The James A. Haley VA Medical Center is building a canopy of solar panels, seen here in a rendering, over 4 acres of parking lots and hopes to generate 3.6 megawatts of electricity to supply 10 percent of the hospital’s power.
The James A. Haley VA Medical Center is building a canopy of solar panels, seen here in a rendering, over 4 acres of parking lots and hopes to generate 3.6 megawatts of electricity to supply 10 percent of the hospital’s power.
Published Feb. 11, 2012

TAMPA — A $20 million project under way will soon make the James A. Haley VA Medical Center the largest producer of solar energy in Hillsborough.
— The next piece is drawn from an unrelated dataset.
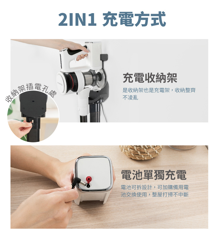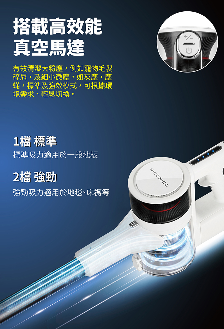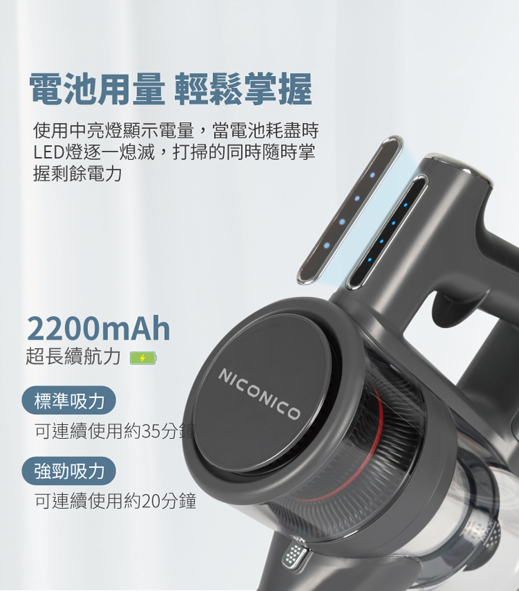 • 兩段強弱吸力控制,LED電量顯示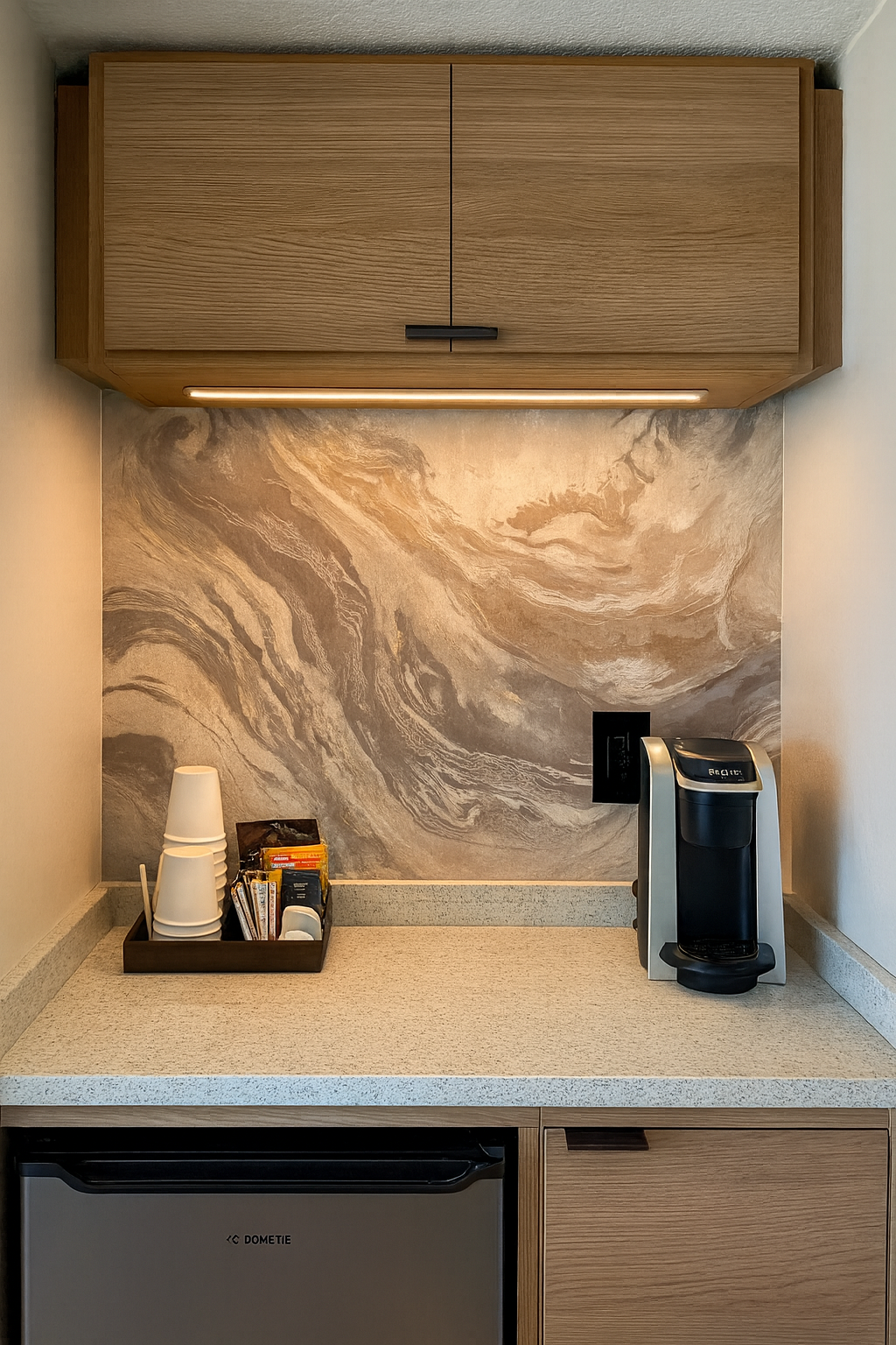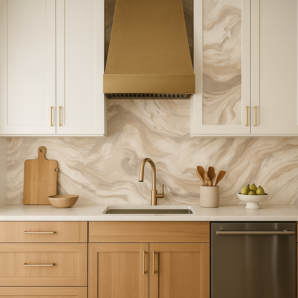 Flowing with the soft veining of natural stone, this abstract marble pattern glides in creamy taupes, warm sands, and pearly whites. Gold and silver undertones trace through the strata like echoes of fossilized motion, evoking both luxury and earthiness in equal measure.

The hospital is building a canopy of solar panels over 4 acres of parking lots, hoping to generate 3.6 megawatts of electricity — enough to supply 10 percent of the hospital's power.

The project is in its preliminary stages. Workers were pouring concrete into 18-foot-deep holes in two parking lots last week. The concrete will stabilize the steel columns that will hold the panels.

Workers will start installing the panels in about a month, according to plans that aim to complete the project by the end of July.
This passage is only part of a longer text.